[Data extract Boundary: Start]

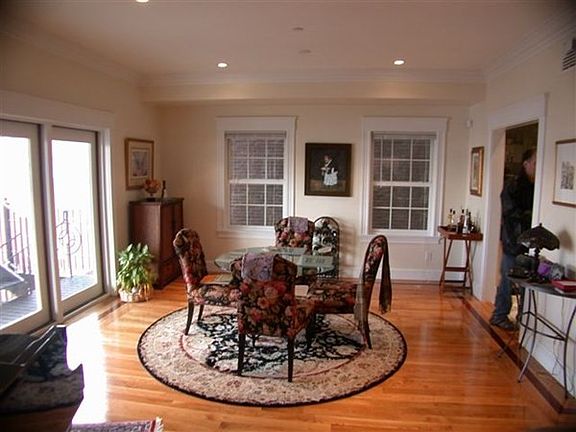 East Bostons most sought after location, Jefferies Point. This 1800 s.f. two bedroom apartment is like no other in East Boston. All hardwood floors with cherry border. Both Bedrooms have private baths with jacuzzi's and one has a separate shower and steam.Extra storage and one parking spot. Washer and dryer in unit. Kitchen fully appplianced. Gas heat and central air conditioning.Gas fireplace Fantastic views of the harbor and Bostons skyline. Short walk to Maveric Station and minutes to downtown. Parks in front of building and other parks for walking, running or just enjoying views. East Boston residents get a special permit for the Ted Williams tunnel discount. Owner is paying broker fee
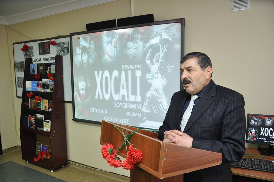 Müstəqil.Az bildirir ki,Lənkəran Dövlət Universitetində (LDU) Azərbaycan xalqının başına gətirilən ən dəhşətli faciələrdən biri olan Xocalı soyqırımının 27-ci ildönümü ilə bağlı silsilə tədbirlər keçirilib.Bu gün universitetdə bütün fakültələrdə ilk dərslər Xocalı faciəsinə, soyqırım qurbanlarının xatirəsinə həsr edilib. Universitetin kitabxanasında faciənin dəhşətlərindən bəhs edən kitab, məcmuə, braşura, qəzet, foto-şəkillərdən ibarət sərgi təşkil olunub.
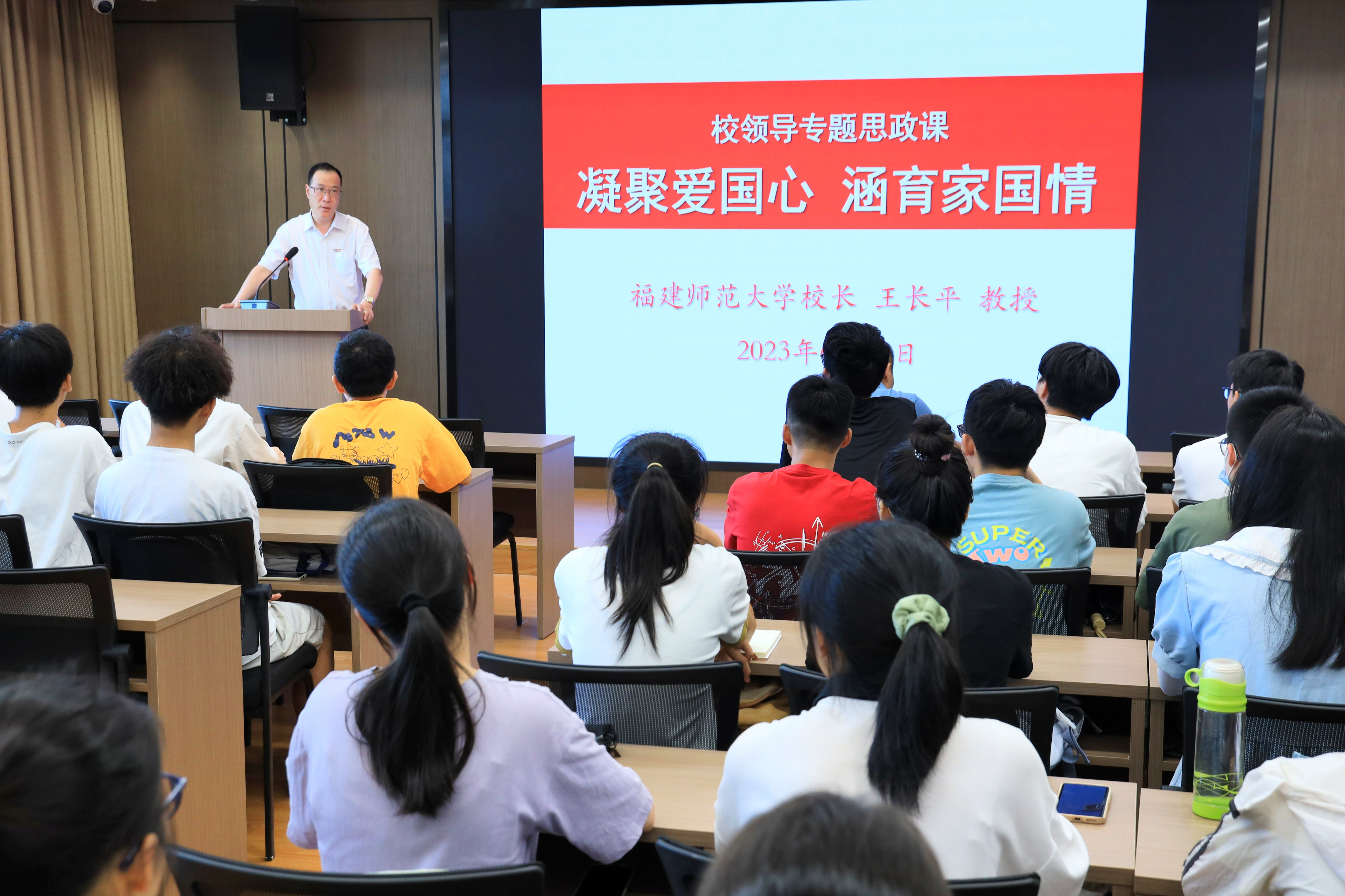 6月26日,校长王长平教授为数学与统计学院2022级本科生讲授题为《凝聚爱国心,涵育家国情》的思政课。

[Data extract Boundary: End]

● **About this task**:
Given the listing above, return exactly, and only, the lines from the line with "Müstəqil.Az bildirir ki,Lənkəran" through its final line, both included, with the pictures removed.

● **Answer space**:
 Müstəqil.Az bildirir ki,Lənkəran Dövlət Universitetində (LDU) Azərbaycan xalqının başına gətirilən ən dəhşətli faciələrdən biri olan Xocalı soyqırımının 27-ci ildönümü ilə bağlı silsilə tədbirlər keçirilib.Bu gün universitetdə bütün fakültələrdə ilk dərslər Xocalı faciəsinə, soyqırım qurbanlarının xatirəsinə həsr edilib. Universitetin kitabxanasında faciənin dəhşətlərindən bəhs edən kitab, məcmuə, braşura, qəzet, foto-şəkillərdən ibarət sərgi təşkil olunub.
 6月26日,校长王长平教授为数学与统计学院2022级本科生讲授题为《凝聚爱国心,涵育家国情》的思政课。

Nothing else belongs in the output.